Richard Northedge takes on corporate finance

High dividends mean the business outlook is bad

If companies are so cash-rich why are they handing out dividends instead of spending or investing? But having pushed up the yield on shares with increased payments, why are share prices not higher?
Companies have got their balance sheets in order far quicker than governments or consumers.

That’s why they have no great wish to borrow. Businesses are throwing off money, but they are throwing it at their shareholders.

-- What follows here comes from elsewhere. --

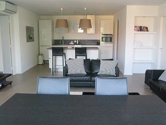 Décorée avec du goût et meublé au plus haut niveau . On y trouve des canapés en cuir , nouvelle cuisine équipée avec le lave-linge, le lave-vaisselle, deux salles de bains avec carrelages italiens , les dressings, la climatisation et le chauffage . La grande chambre principale dispose d'une télévision et d'un bureau.

They are not buying new equipment, not spending it on staff and not making takeovers.

Dividend payments rose by 19.4 per cent in 2011 according to Capita, one
of the registrars making those payments.

Even stripping out a £2bn special dividend pledged by Vodafone and allowing for BP’s return to the lists after its oil spill, that’s an underlying rise of an inflation-busting 12.8 per cent and leaves the FTSE 100 yielding 3.5 per cent.

Normally if an investment is yielding so much more than money rates it is because investors doubt that payments will continue or doubt that they will rise with inflation. Yet Capital somehow forecasts that dividends will rise a further 11 per cent in 2012.

And those increased payments are still covered 2.77-times by earnings, which suggests that profits could take a big hit without shareholders having to feel the impact.

Total payments were £67.8bn in 2011 with special dividends accounting for only £2.9bn of that - and Vodafone accounting for all the increase in those one-off hand-outs. Much of that cash goes abroad but a sizable chunk goes into pension funds, making their finances more sound, which means that companies are less likely to need to top up black holes. That’s a double gain for corporates.

But the underlying worry is that if companies would rather give away their cash than spend it, they cannot be confident about future prospects. And if the investors receiving that money don’t think it worth pushing share prices higher, they too must be worried about the future.